P is a random variable. Thus, if one starts with a p ≤ 0.05 standard for publication, there is a 50% chance that a study finding that is “significant” at p = 0.05 will be “nonsignificant” at p = 0.05 on the next trial, even assuming both studies were conducted identically & flawlessly. (That so many replicators don’t seem to get this boggles one’s mind.)
If the industry norm is adjusted to p ≤ 0.005, we’ll simply see another random distribution of p values, now around the mean of p ≤ 0.005. So again, if a paper reports a finding at p = 0.005, there will be a 50% chance that the next, replication trial will produce a result that’s not significant at p < 0.005. . . .
Certifying reproducibility won’t be any “easier” or any more certain. And for the reasons stated above, there will be no more reason to assume that studies that either clear or just fall short of clearing the bar at p ≤ 0.005 are any more valid than ones that occupy the same position in relation to p < 0.05.
3. The problem of NHST cannot be fixed with more NHST.
Finally and most imporantly, the p ≤ 0.005 standard misdiagnoses the problem behind the replication crisis: the malignant craft norm of NHST.
Part of the malignancy is that mechanical rules like p ≤ 0.005 create a thought-free, “which button do I push” mentality: researchers expect publication for research findings that meet this standard whether or not the study is internally valid (i.e., goofy) . They don’t think about how much more probable a particular hypothesis is than is the null—or even whther the null is uniquely associated with some competing theory of the obsrved effect.
A practice that would tell us exactly those things is better not only substantively but also culturally, because it forces the researcher to think about exactly those things.

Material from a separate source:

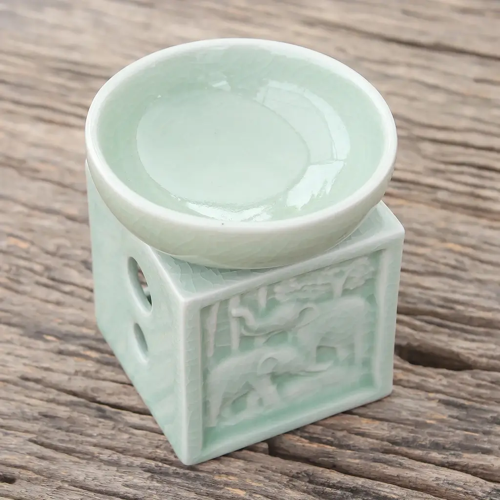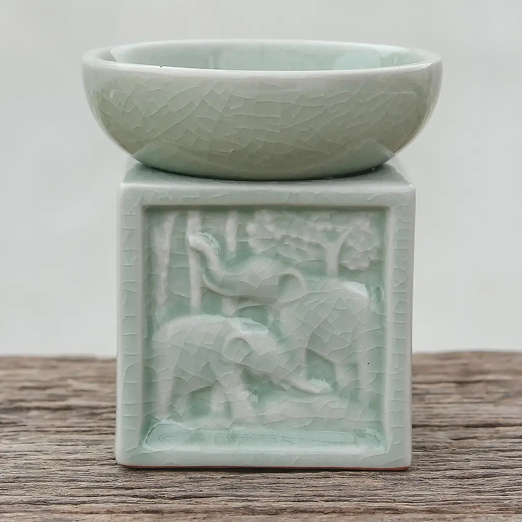 Elephant-Themed Celadon Ceramic Oil Warmer From Thailand- Elephant Jungle

Ironically, it is clear that a substantial fraction of the “Gang of 72” believes that p-value–driven NHST should be abandoned in favor of some type of “weight of the evidence” measure, such as the Bayes Factor. They signed on to the article, apparently, because they believed, in effect, that ratcheting up (down?) the p-value norm would generate even more evidence of the defects of any sort of threshold for NHST, and thus contribute to more widespread appreciation of the advantages of a “weight of the evidence” alternative.
All I can say about that is that researchers have for decades understood the inferential barenness of p-values and advocated for one or another Bayesian alternative instead.
Their advocacy has gotten nowhere: we’ve lived through decades of defective null hypotheses testing and the response has always been “more of the same.”
What is the theory of disciplinary history that predicts a sudden radicalization of the “what button do I push” proletariat of social science?
As intriguing and well-intentioned the p ≤ 0.005 proposal is, arguments about standards aren’t going to break the NHST norm.
“It must get worse in order to get better” is no longer the right attitude.
Only demonstrating the superiority of a “weight of the evidence” alternative by doing it—and even more importantly teaching it to the next generation of social science researchers—can really be expected to initiate the revolution that the social sciences need.